Few problems in health care are more vexing or persistent than physician burnout. It’s a problem that poses a serious threat to patient care, no different from the spread of a virus or the impact of cigarette smoke. And it has only gotten worse since the pandemic.
Burned-out physicians are less effective as healers. They don’t connect as well with patients, undermining the therapeutic benefits of a close clinician-patient relationship. They are also more likely to make clinical errors.
But today, in our health system, an estimated 42 percent of physicians suffer from burnout. Not only is this impacting health outcomes, but it is also causing a severe and worsening physician shortage, especially in primary care. Last year, nearly 30,000 adult primary care physicians (PCPs) left the practice of medicine. A growing number of exhausted physicians are cutting back their clinical hours, pursuing non-medical careers, or retiring prematurely. Addressing burnout and its causes is key to reversing the great migration away from patient care, preventing the current shortage from growing much worse. We are at a tipping point, and we need solutions fast.
The main drivers of burnout, especially for PCPs, are obvious: too many short, hurried visits; diminished professional autonomy; and an overwhelming documentation workload. Doctors are growing increasingly frustrated by a working environment that prevents them from delivering the best possible care to their patients. This all stems from a health care model that incentivizes the quantity of patient visits over quality. Physicians know they could be more effective healers, but the system obstructs them.
Until and unless the nation can move to a system that rewards value more than volume, efforts to reverse burnout are destined to fall short. Health care outcomes will continue to suffer as a result.
Let’s start with the problem of the shrinking physician visit.
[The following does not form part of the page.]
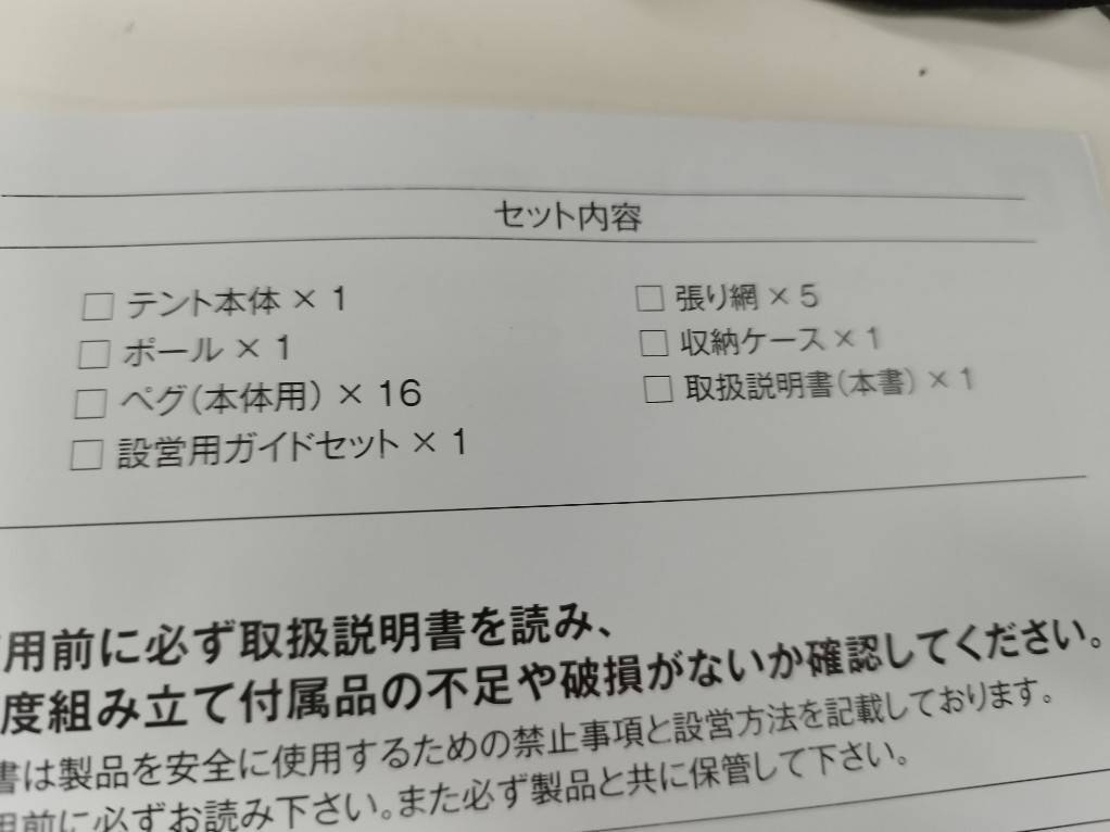 テント、収納袋、ポール、張網×5、ペグ×15、取扱説明書(画像1枚目に写っているもの)

To keep up with the perverse incentives inherent to fee-for-service reimbursement, PCPs have been forced to cram more visits into office hours to make their practices economically viable (four short visits pay better than one long one). By contrast, physicians compensated on patient outcomes – keeping patients well and out of the hospital – do not need to see 25 or 30 patients per day to keep their practice running.
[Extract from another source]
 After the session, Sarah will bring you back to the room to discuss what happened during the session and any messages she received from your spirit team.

I work with physician groups across the country, representing more than 2,700 community PCPs, who have committed to 100 percent value-based care for seniors. The results have been dramatic. Our most effective partner physicians spend significantly more time with their highest acuity patients – and schedule fewer, longer visits each day. This has proven to be a much more satisfying way to practice. In fact, in these practices, we see a 95 percent annual retention rate.
Value-based care is a team sport. Rather than practicing in an individual and isolated manner, PCPs in value-oriented practices lead interdisciplinary teams consisting of social workers, pharmacists, care managers, and nurse practitioners.
Value-based care can also ease documentation requirements, a major driver of physician dissatisfaction. Under fee-for-service reimbursement, physicians are often forced to jump through hoops to justify billing requirements that have nothing to do with better care. In contrast, value-based care centers on capturing only essential data for improving patient outcomes, freeing up physicians to focus on patient care, even if there isn’t an associated billing code.
Physicians choose medicine because we want to make a difference in people’s lives. On my very first day of medical school, a professor welcomed us to this noble guild by saying the greatest thing a physician can be is useful. In a mature value-based care practice, everything – from scheduling to staffing configurations to patient outreach efforts – is designed to make doctors more useful, keeping patients healthy and independent.
We have lost our way in fee-for-service medicine; we can regain it through value-based care.
Ben Kornitzer is a physician executive.